Yoga asanas for sleep tend to be quite therapeutic and it helps get some peace of mind before you go to sleep. This is exactly why a lot of recommendations include yoga poses for better sleep. Yoga for insomnia is also specially curated such that it can help cure any case of insomnia and thereby reducing depression and anxiety trouble as well.
Yoga for insomnia and sleep disorders tends to consist of slow and controlled breathing methods that tend to stimulate your vagus nerves which affects your PNS and controls your body’s rest functions. You can also improve mindfulness which allows being aware of the moment which in turn also increases melatonin that improves sleep.
There are a lot of different types of sleep yoga asanas for sleep that you can practice. However here are some of the top 10 best yoga practices for improving sleep quality which include both high-intensity workouts or some gentle stretches for a peaceful sleep.
Vajrasana also quite commonly called the thunderbolt pose is one of the best yoga poses that helps stabilize your mind while also reducing any anxiety and stress. This in turn will also help a better sleep schedule. This bedtime yoga pose can also be performed right after a meal.
Dandasana also commonly said to be the staff pose tends to stretch your hamstring and is hence a great option for those who are trying to get some gentle stretches for a peaceful sleep. It also helps to restore your flexibility and this also means a good posture can be worked on which will eventually provide a night of better sleep.
Balasana also known as the child pose is one of the best yoga poses for stress relief and better sleep. It relaxes all your muscles including the back, hips, thighs ankles and hence relieving the tension. This is hence one of the yoga poses for better sleep that you can include in your sleep-inducing yoga sequences.
Baddha Konasana apart from being one of the best yoga poses for insomnia relief and sleep, is also one of the best yoga poses for weight loss. It also helps stimulate happy hormones and relax your entire system which helps you fall asleep better.
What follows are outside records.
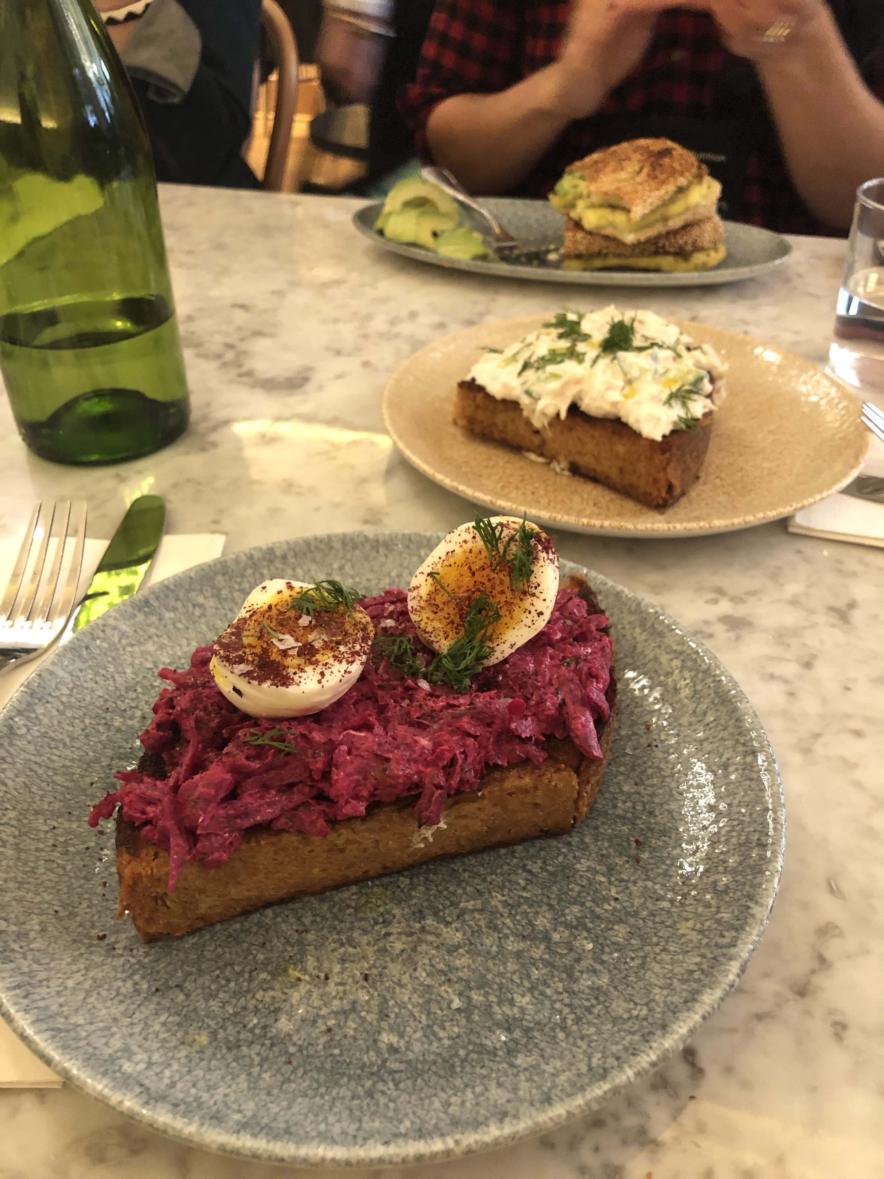 Other food highlights from the weekend included the toast at a cafe called K’far – I shared the smoked trout and beet toasts with my friend Alexis and both were awesome. The trout one had a little egg in a hole baked into the toast below – so creative!
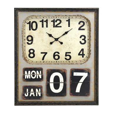 50's inspired wooden clock with adjustable calendar dates in rustic finish. Dimensions (in)30.5W x 35.5H x 4D FinishAntique Black Material(s)MDF,...
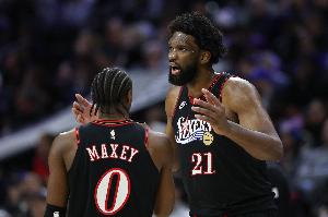 本场比赛,76人球星恩比德表现出色,三节时间就已经刷新个人的赛季得分纪录(此前29分);全场比赛,在32分钟的时间里,他投篮23中12,三分球8中2,罚球18中13,轰下39分9篮板3助攻1抢断的数据。
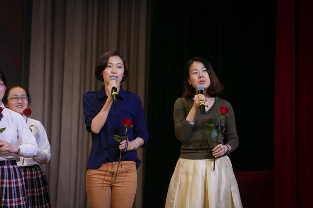 当班主任们上台接受同学们的献花时,气氛达到了高潮,老师们祝福同学们拥有更加灿烂美好的明天。毕业仪式最后在师生合唱《最好的未来》的歌声中落下帷幕,同学们的心中都充满了自豪和骄傲:我们的青春在南外的校园飞扬!
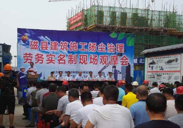 縣住建局負(fù)責(zé)同志宣讀了《建筑施工揚(yáng)塵防治標(biāo)準(zhǔn)》和《勞務(wù)實(shí)名制實(shí)施方案》,會(huì)議要求各單位、各項(xiàng)目要“零容忍”,堅(jiān)決打好施工揚(yáng)塵治理攻堅(jiān)戰(zhàn)、強(qiáng)化推進(jìn),堅(jiān)決打好安全生產(chǎn)持久戰(zhàn)、狠抓落實(shí),堅(jiān)決打好文明工地創(chuàng)建戰(zhàn)。第十工程公司在會(huì)上作經(jīng)驗(yàn)交流及表態(tài)性發(fā)言,與會(huì)代表還實(shí)地觀摩了施工現(xiàn)場(chǎng)。
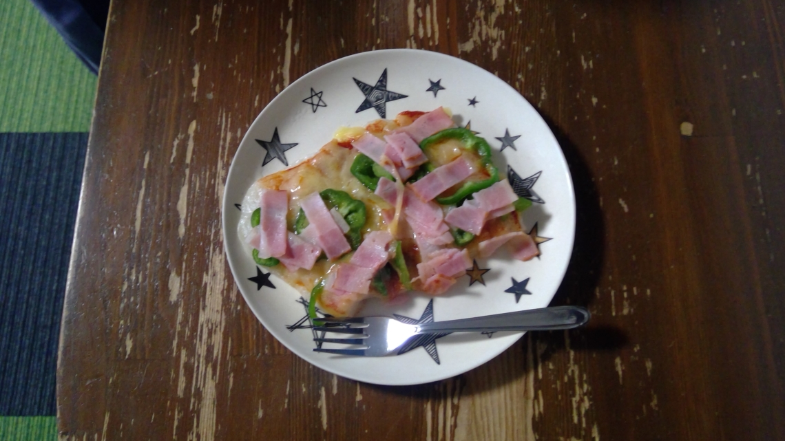 お餅を半分にスライスして焼き、火が通ったら、ピザソースを塗り、チーズ、ピーマン、ベーコンをトッピングして、チーズが溶けたらできあがりです。
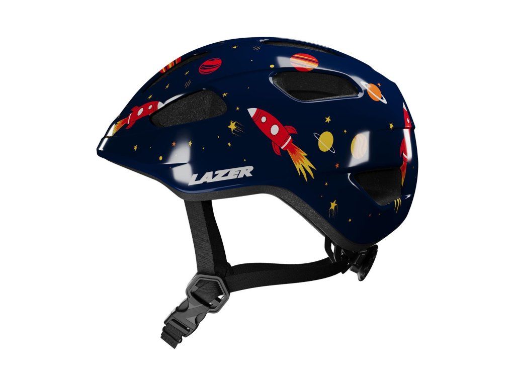 Popruhy prilby sa zapínajú pod uchom, aby sme sa vyvarovali zachyteniu pokožky v prípade zapínania prilby pod bradou.
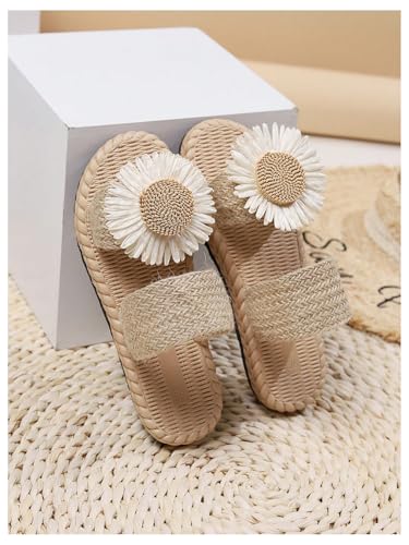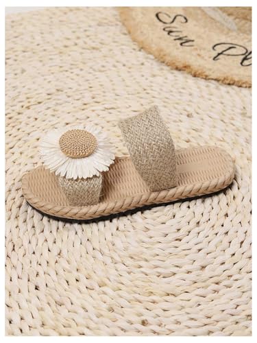 OYOANGLE Girl's Floral Double Strap Linen Slide Sandals Open Toe Beach Vacation Straw Sandal 7
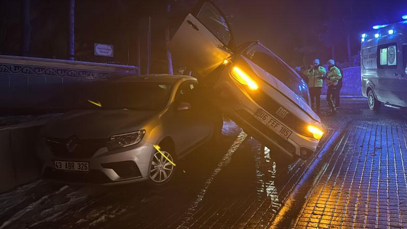 Kütahya’da buzlanma nedeniyle kontrolden çıkan otomobil, kayarak park halindeki bir aracın üzerine çıktı. Kazada 2 kişi hafif şekilde yaralandı.

Marjariasana also called Cat stretch is a bedtime yoga that helps massage the digestive organs and improves digestion. It also improves blood circulation levels and helps relax mins which is also why it is mostly included in sleep-inducing yoga sequences.
Hastapadasana is one of the most commonly included yoga poses for insomnia relief and is also great as one of the gentle stretches for a peaceful sleep. It also stretches your back muscles while improving blood supply to the nervous system.
Among different types of sleep yoga, Viparita Karani is one of the yoga practices for improving sleep quality that helps relieve tired legs and feet. It also increases the blood supply to the brain and hence calming down your mind and relieving any mild headaches.
Also called the restorative bridge pose, Setu Bandha Sarvangasana is a great best-time yoga pose that helps renew energies and also quietens the mind to improve sleep.
The Supta Baddha Konasana yoga pose tends to improve the rest and digestion response while also helping to reduce heart rate which improves sleep schedule. It also has a lot of benefits for women during menstruation.
The Utthan Pristhasana is one of the challenges yoga asanas for sleep that most people find hard to accomplish especially beginners. This yoga for insomnia is also great at opening you’re your hips and chest muscles. It is also a great addition to your sleep-inducing yoga sequences.
While it is hard to find the right yoga poses for stress relief and better sleep it is still possible to achieve a level of better sleep schedule by including the top 10 yoga asanas for sleep in your daily schedule list. You can also search for some yoga for insomnia and sleep disorders that help relieve any existing sleep disorders that tend to disrupt the sleep cycle.
The stretching and relaxing effect of yoga tends to release any muscle tension while also reducing sleep disturbance and increasing deep sleep.
Some of the best asanas for getting sleep are:
For a night of good sleep, yoga asanas need to be performed during the evening which will also improve the digestion of food.